### Task objective
Nothing but the lines below from the one with "- ガパオライスの素を熱湯で5分温める。 ※冷凍の場合は解凍してから" through the one with "себе справжнім Шеф-кухарем…" should be output, each exactly as given, and no pictures.

### Exercise materials
★ ★ ★

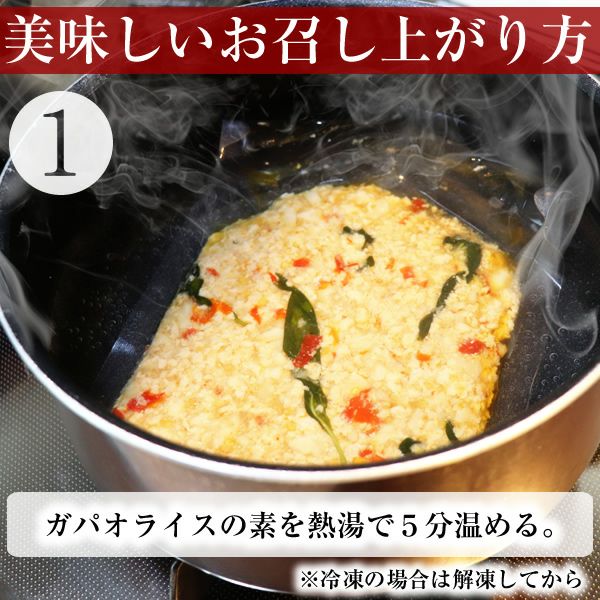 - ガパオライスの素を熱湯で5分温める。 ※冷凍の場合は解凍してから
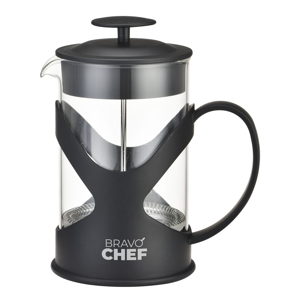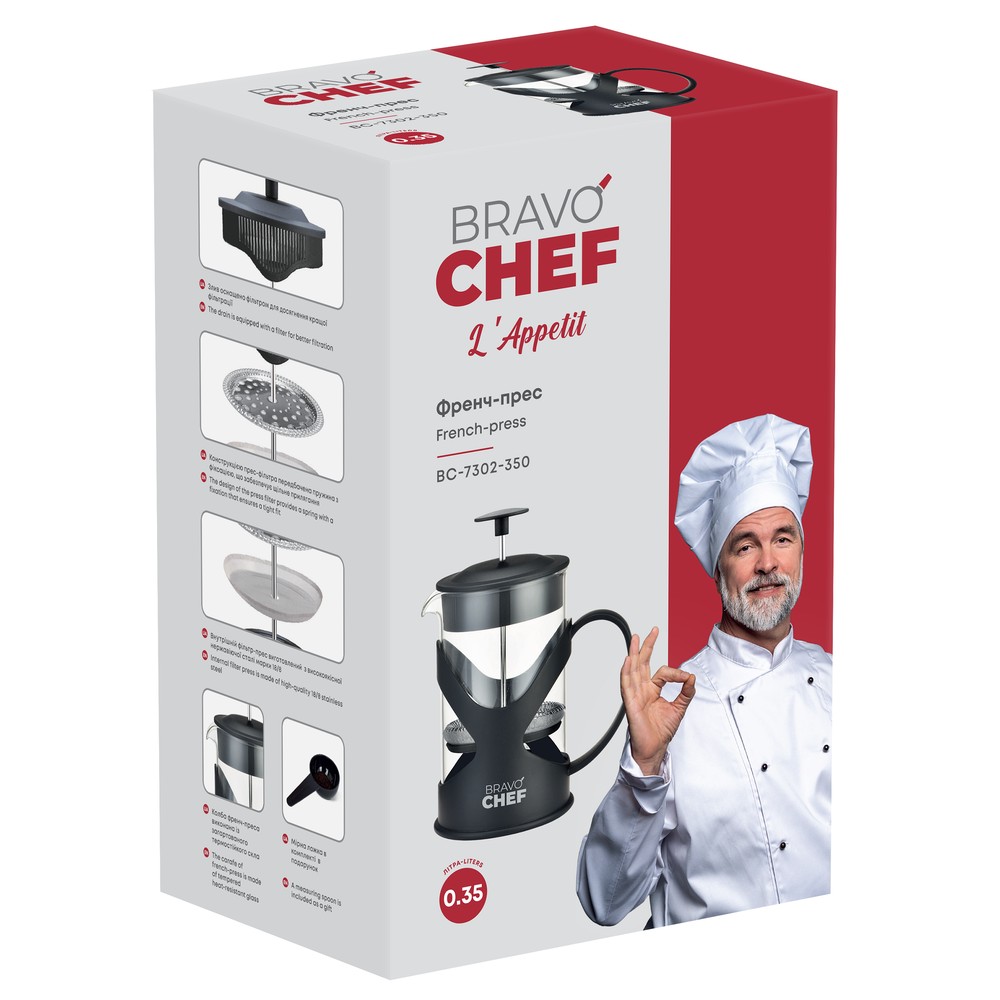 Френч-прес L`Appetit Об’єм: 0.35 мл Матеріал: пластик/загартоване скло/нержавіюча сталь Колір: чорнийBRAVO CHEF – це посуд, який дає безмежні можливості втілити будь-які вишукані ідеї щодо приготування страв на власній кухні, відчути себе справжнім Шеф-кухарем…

★ ★ ★

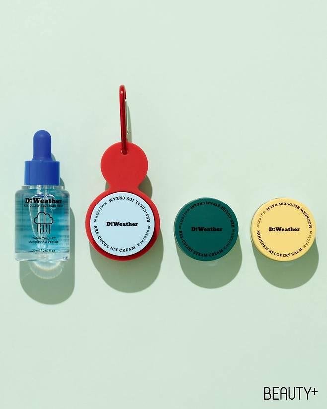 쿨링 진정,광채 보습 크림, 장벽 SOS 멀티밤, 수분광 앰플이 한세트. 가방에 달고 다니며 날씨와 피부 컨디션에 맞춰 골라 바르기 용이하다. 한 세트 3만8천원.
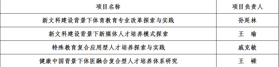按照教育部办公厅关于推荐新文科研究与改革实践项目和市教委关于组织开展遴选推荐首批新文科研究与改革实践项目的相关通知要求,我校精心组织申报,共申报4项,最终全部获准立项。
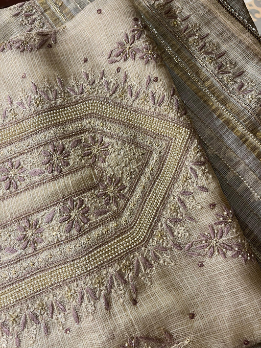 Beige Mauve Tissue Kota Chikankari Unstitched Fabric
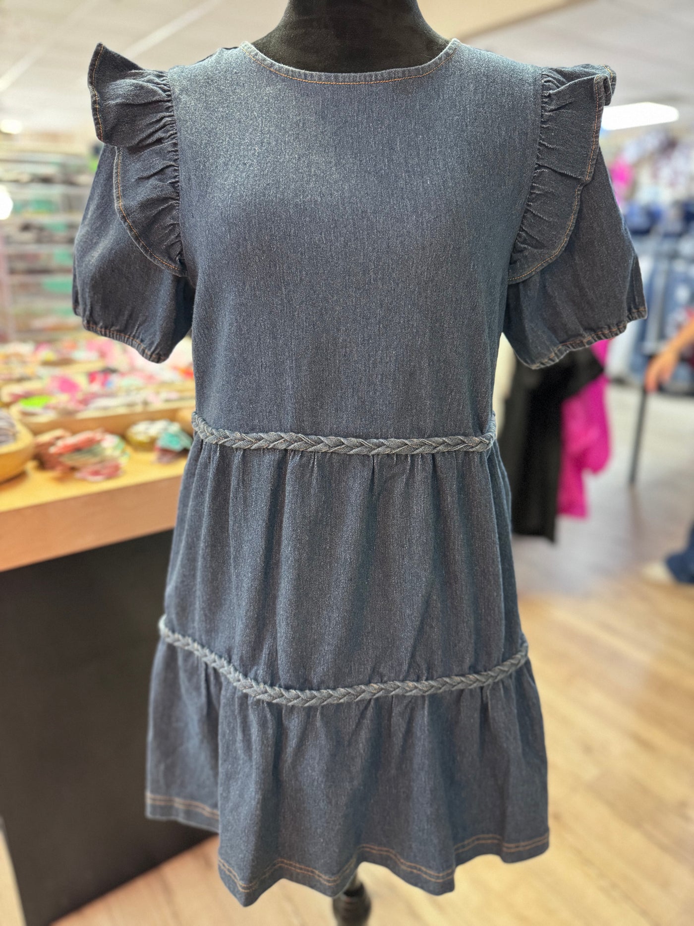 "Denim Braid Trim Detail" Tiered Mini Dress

★ ★ ★

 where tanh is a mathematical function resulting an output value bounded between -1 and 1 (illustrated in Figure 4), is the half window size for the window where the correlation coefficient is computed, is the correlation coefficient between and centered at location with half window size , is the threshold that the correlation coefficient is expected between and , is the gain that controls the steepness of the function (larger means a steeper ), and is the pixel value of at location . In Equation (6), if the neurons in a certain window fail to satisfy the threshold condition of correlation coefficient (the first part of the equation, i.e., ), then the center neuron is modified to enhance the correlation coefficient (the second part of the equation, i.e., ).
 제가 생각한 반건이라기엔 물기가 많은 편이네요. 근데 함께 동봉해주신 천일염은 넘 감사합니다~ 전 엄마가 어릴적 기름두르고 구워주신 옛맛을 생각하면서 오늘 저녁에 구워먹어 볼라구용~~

★ ★ ★

### Result of the exercise
 - ガパオライスの素を熱湯で5分温める。 ※冷凍の場合は解凍してから
 Френч-прес L`Appetit Об’єм: 0.35 мл Матеріал: пластик/загартоване скло/нержавіюча сталь Колір: чорнийBRAVO CHEF – це посуд, який дає безмежні можливості втілити будь-які вишукані ідеї щодо приготування страв на власній кухні, відчути себе справжнім Шеф-кухарем…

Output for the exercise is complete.